To put it in words you guys can relate to. This guitar sound massive. So much low mids and purr to it, and yet it does it with very present attack. That is usually the tradeoff, you normally get a "warmer" sounding instrument by dulling down the high end, for some reason that just doesnt happen with this guitar, you get the warmth and yet it has all the attack i could ever want. Notes are so direct, they just seem to pop out ever so clearly.
The guitar did take me a bit of getting used to because the neck profile is a little bit thicker than usual, but Doug says that a large part of the guitars "hugeness" can be attributed to that.

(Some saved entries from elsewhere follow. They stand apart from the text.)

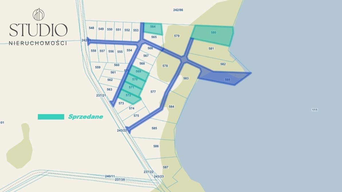 Działki bez bezpośredniego dostępu do jeziora poprzez kupno udziału w drodze dojazdowej(w cenie działki) otrzymają dostęp do jeziora.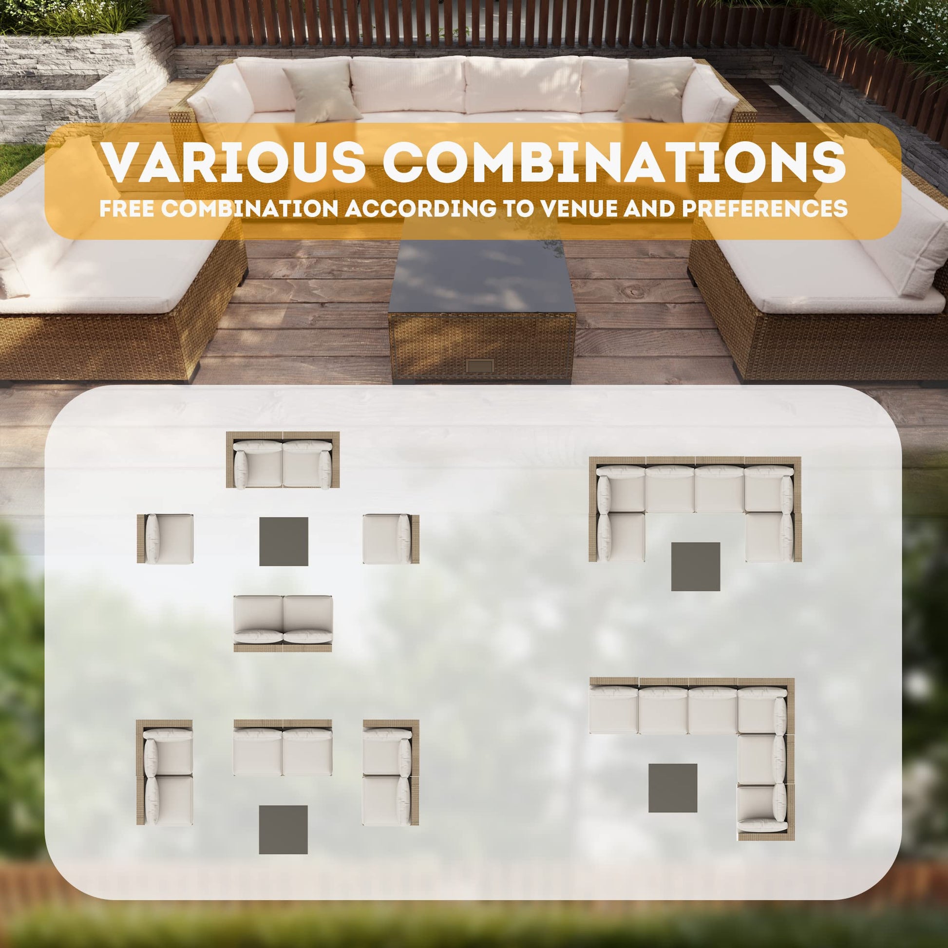 - INFINITE COMBINATION - 7 pieces outdoor sectional sofa includes 2 corner sofas, 4 armless sofas, 1 coffee table with tempered glass top, extra seat clips to keep sofas from sliding apart, adjustable footrest to keep balance. There are 3 boxes in total and they may be delivered in different days.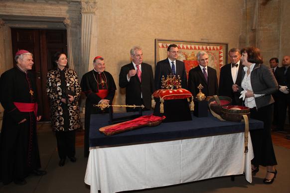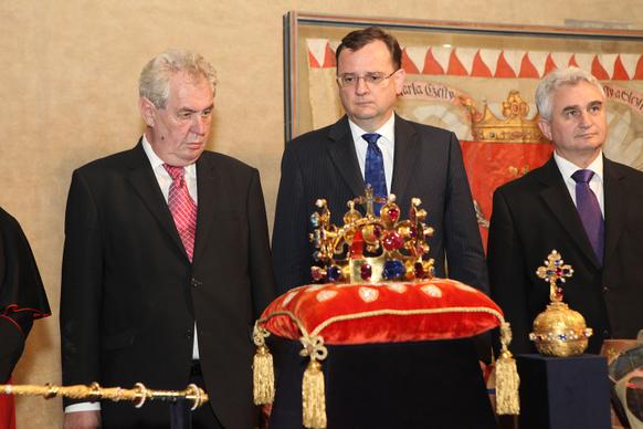 Předseda vlády Petr Nečas se dnes na Pražském hradě zúčastnil slavnostního vyzvednutí českých korunovačních klenotů.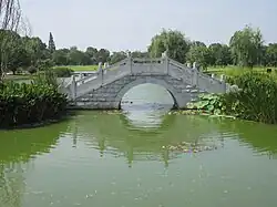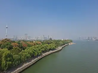 Orange Isle (Chinese: 橘子洲; pinyin: Júzi Zhōu) is an isle in Xiang River, Changsha, Hunan, China.[1][2] It also known by other names, such as Ju Isle (橘洲; Jú Zhōu) and Shuilu Isle (水陆洲; 水陸洲; Shuǐlù Zhōu; 'Water-and-land Isle'). It has a length of 5 kilometres (3.1 mi), a width of 40 to 140 metres (130 to 460 ft) and a total area of 370,900 square metres (91.64 acres).[3][4] It was also a national AAAAA (5A) level tourist attraction and a national key scenic spot.[5]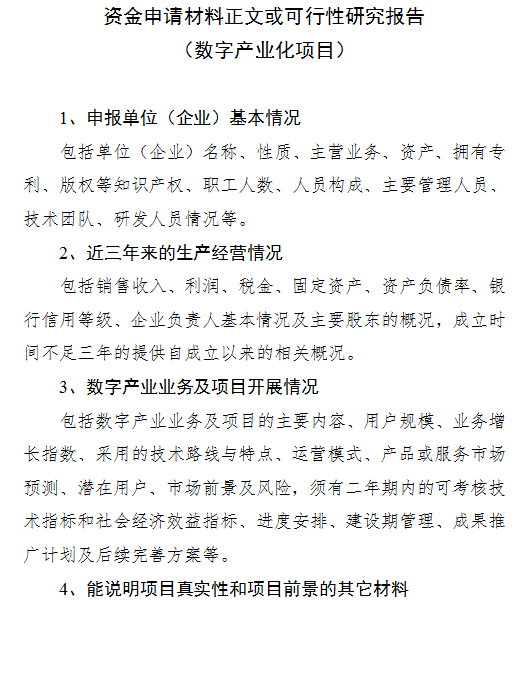 1)數字產業(yè)化項目。主要支持互聯(lián)網、軟件和信息服務等服務業(yè)和電子信息制造、企業(yè)信息化建設等制造業(yè)企業(yè)項目;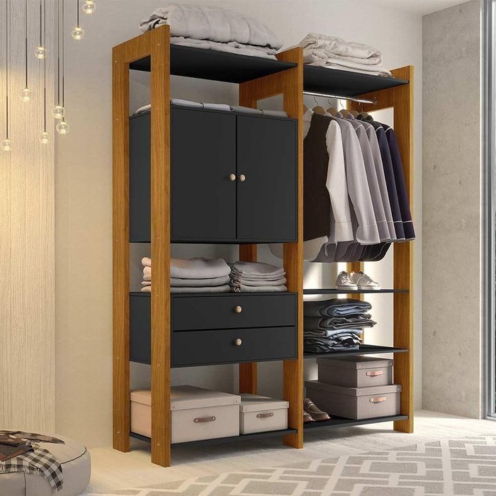 Dimensões do Produto: Altura 210,5 cm; Largura 141,5 cm; Profundidade 45 cm. Itens Inclusos: 1 guarda roupa aberto - 100% MDF - 2 gavetas com corrediças telescópicas - 2 portas (também pode ser montado sem as portas) - 1 prateleira interna (também pode ser montado sem a prateleira) - 1 cabideiro de metal - Diversas prateleiras com espaço para roupas, sapatos, roupas de cama, malas, e objetos pessoais - Design aberto que garante modernidade ao ambiente Complexidade da montagem: Média, pode ser montado por apenas uma pessoa e/ou necessite de maior conhecimento para montagem. Recomendações de uso, manutenção e limpeza: Limpar com flanela ou pano macio seco, não utilizar produtos abrasivos, desengordurantes, álcool ou solvente. Não expor o produto diretamente à luz solar e à umidade Garantia: 3 meses OBS: Foto meramente ilustrativa, objetos, utensílios e decoração não fazem parte do produto. Cor: Carvalho preto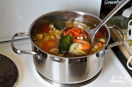 Как только креветки поменяют свой цвет на красный - выключаем плиту. Даем супу минут 4-5 настояться, и подаем к столу. Зелень кинзы добавляем в тарелки с супом.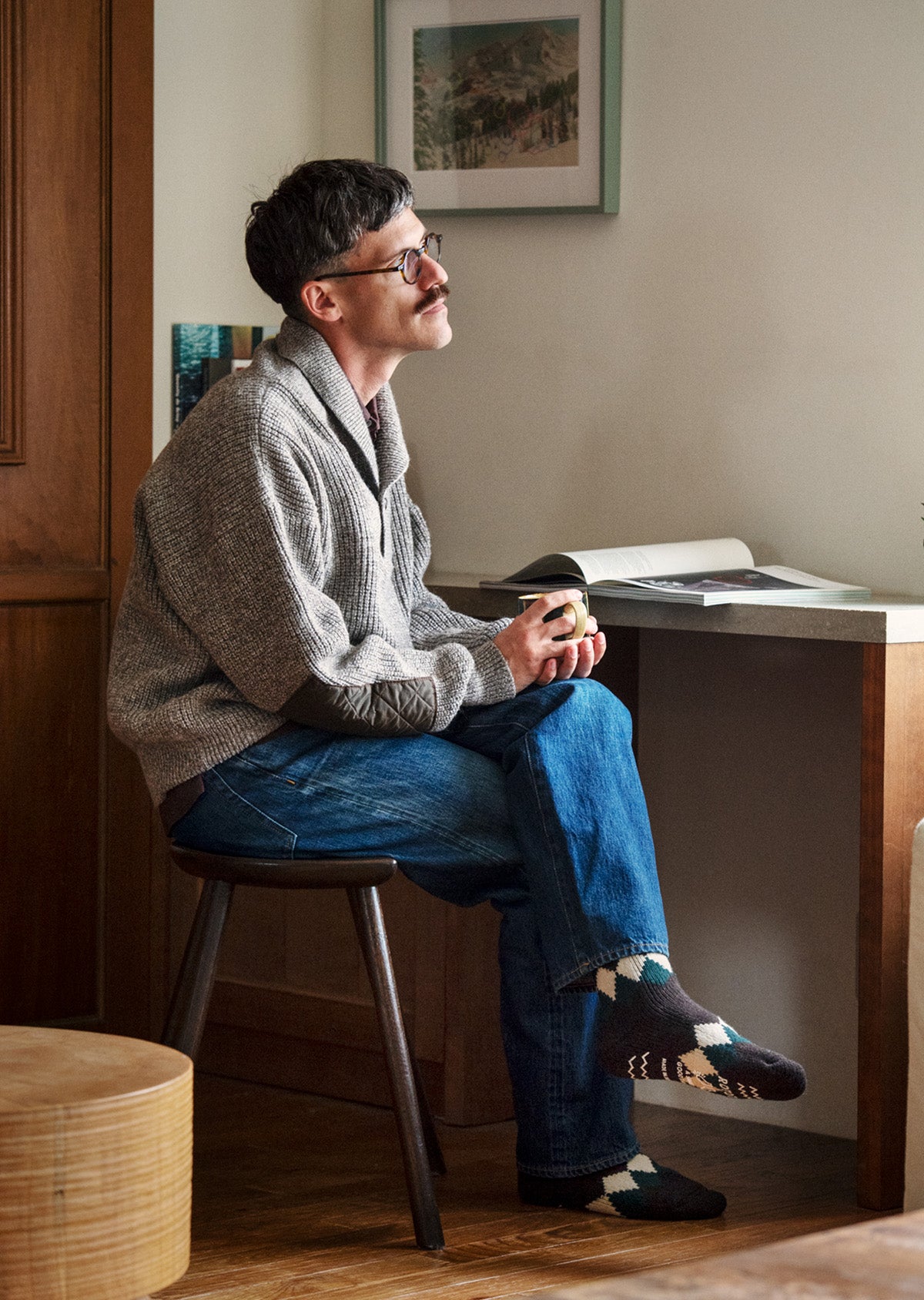 保温性とやさしい肌ざわりが特長の、アクリルとウールの混紡糸を使用したスーパーローゲージのルームソックスです。デザインのインスピレーションは、北欧の伝統的なノルディックセーターから得たもの。ワークソックス用の特殊な編み機で編み立てた後、内側に起毛を施すことで、保温性をさらに高めています。履き口の少し下にはゴムが入っており、折り返しても履ける仕様に。足底のプリントは、デザイン性だけでなく、滑り止めとしての機能も兼ね備えています。
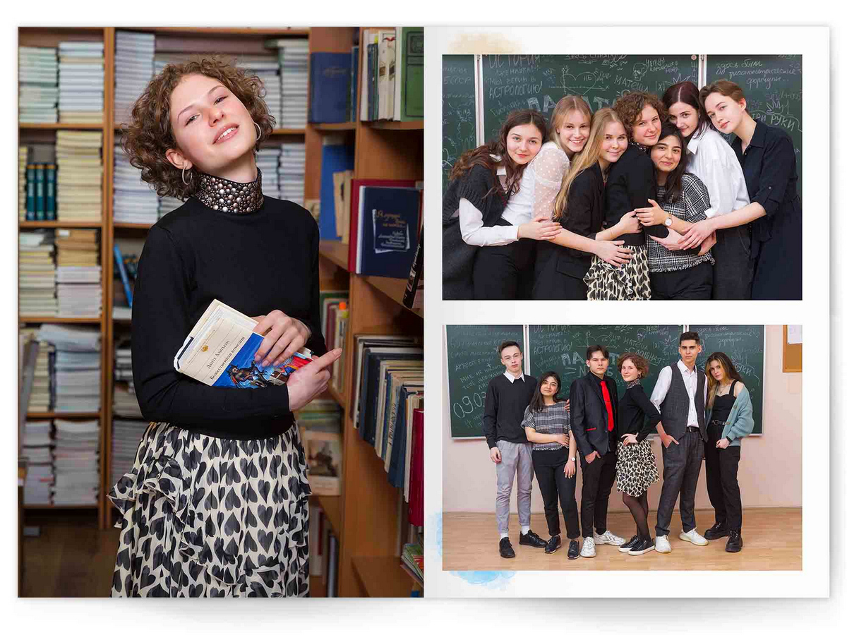 Можно добавить общее фото всего класса на второй разворот +350 ₽ (будет альбом на 2 разворота)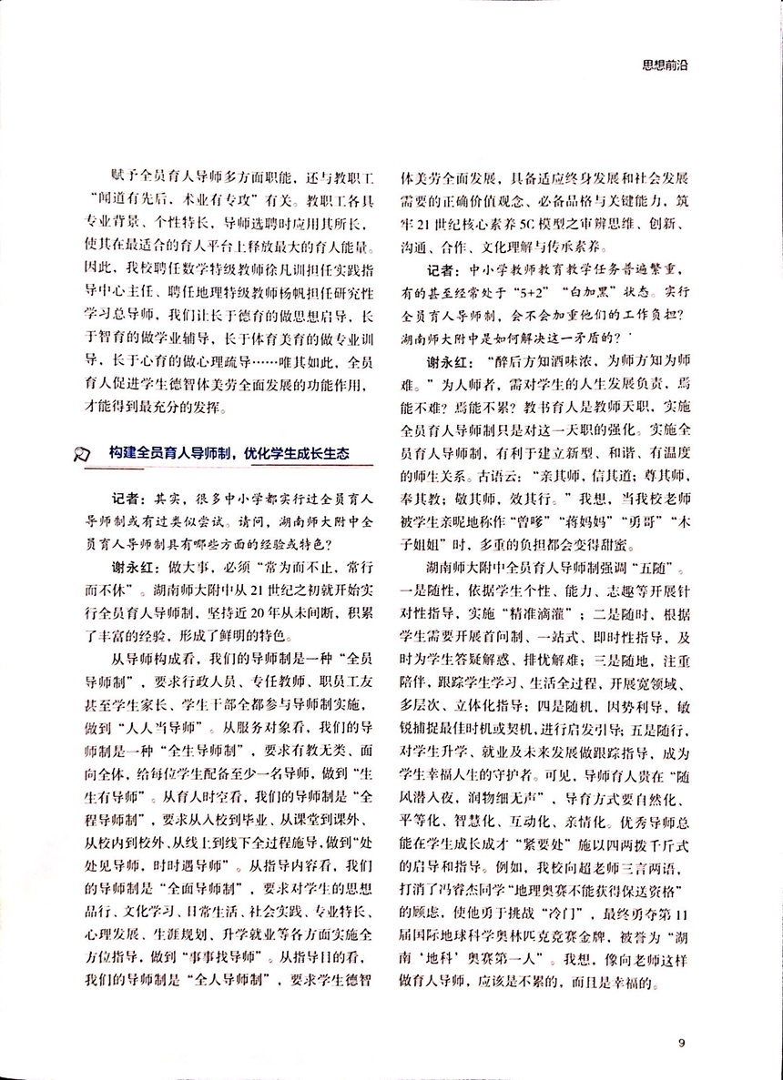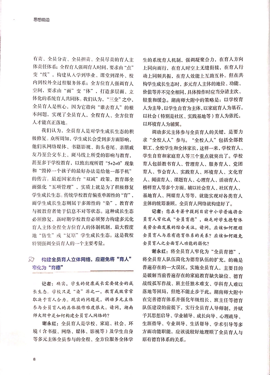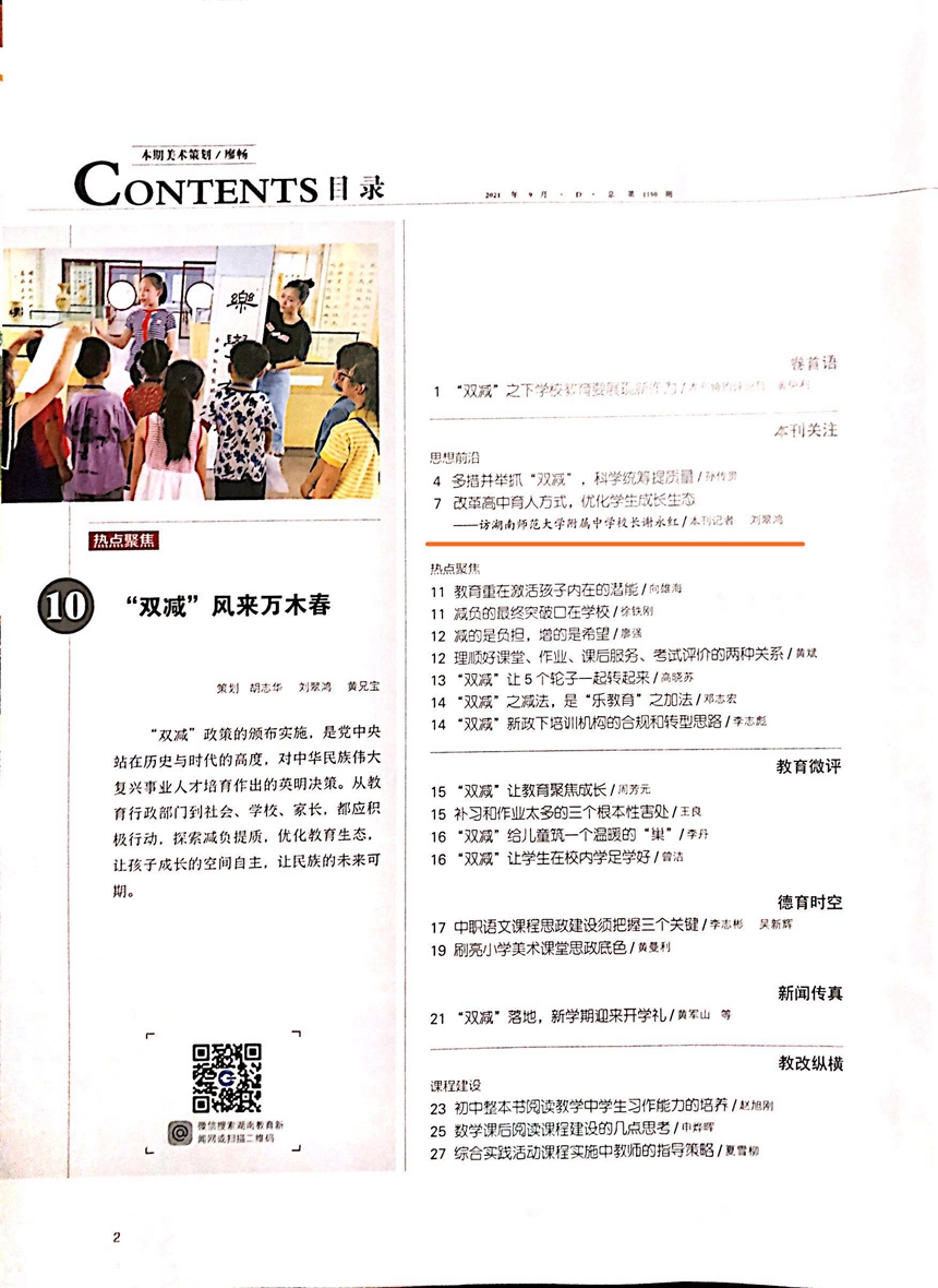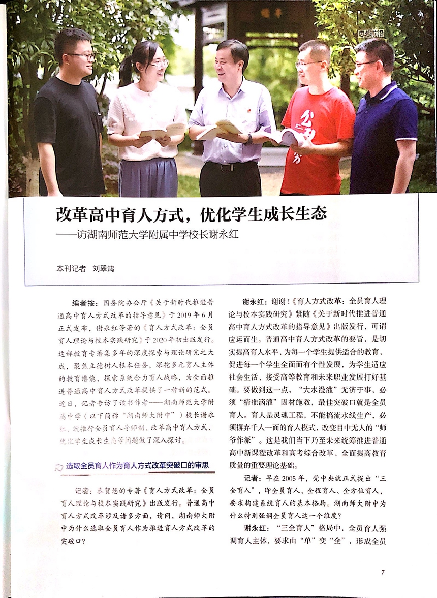 近日出版的《湖南教育》(D)总第1150期刊发《改革高中育人方式,优化学生成长生态——访湖南师范大学附属中学校长谢永红》的记者访谈(记者刘翠鸿),全面推介谢永红校长教育专著《育人方式改革:全员育人理论与校本实践研究》和他关于高中育人方式改革的思考与主张。

One sad thing to note, on the way back from the Dream Theater tour (actually on a domestic flight) the TSA decided to check my Scott Dixon case (which holds 3 guitars) and didn't secure the guitars back, so the hardware from 2 of the guitars dented the hell out of the back of this guitar and my Daemoness which fucking sucks. You can see the damage on the back of the guitar in the pics. Annoying, but at least the guitar is not hindered in any way by it.

Specs are:
Lightweight Ash Body
Maple Neck with Dyed Maple Fillets
Rosewood Fretboard
Sperzel Locking Tuners
Schaller Hannes Bridge
Bareknuckle Coldsweat Bridge/VHII Neck
Petrucci Style Switch
1 Vol/No Tone


----------



## Stealthdjentstic (May 26, 2012)

Damn man, you guys dont have insurance against damage?


----------



## MFB (May 26, 2012)

Kudos for the new BM, but uh, wrong section bro


----------



## bulb (May 26, 2012)

Ah damn, my bad, i would have sworn i clicked on Standard guitars. Could a mod please move this there please?


----------



## theo (May 26, 2012)

That is truly a classy guitar


----------



## tr0n (May 26, 2012)

That really sucks what happened with the dents, but at least it ain't on the front!

I've got one of these bad boys with a set of Nailbombs and a Schaller Hannes too. What do you think of the Hannes vs the old Hipshot? What about the choice of pickups? I haven't really been able to A/B things.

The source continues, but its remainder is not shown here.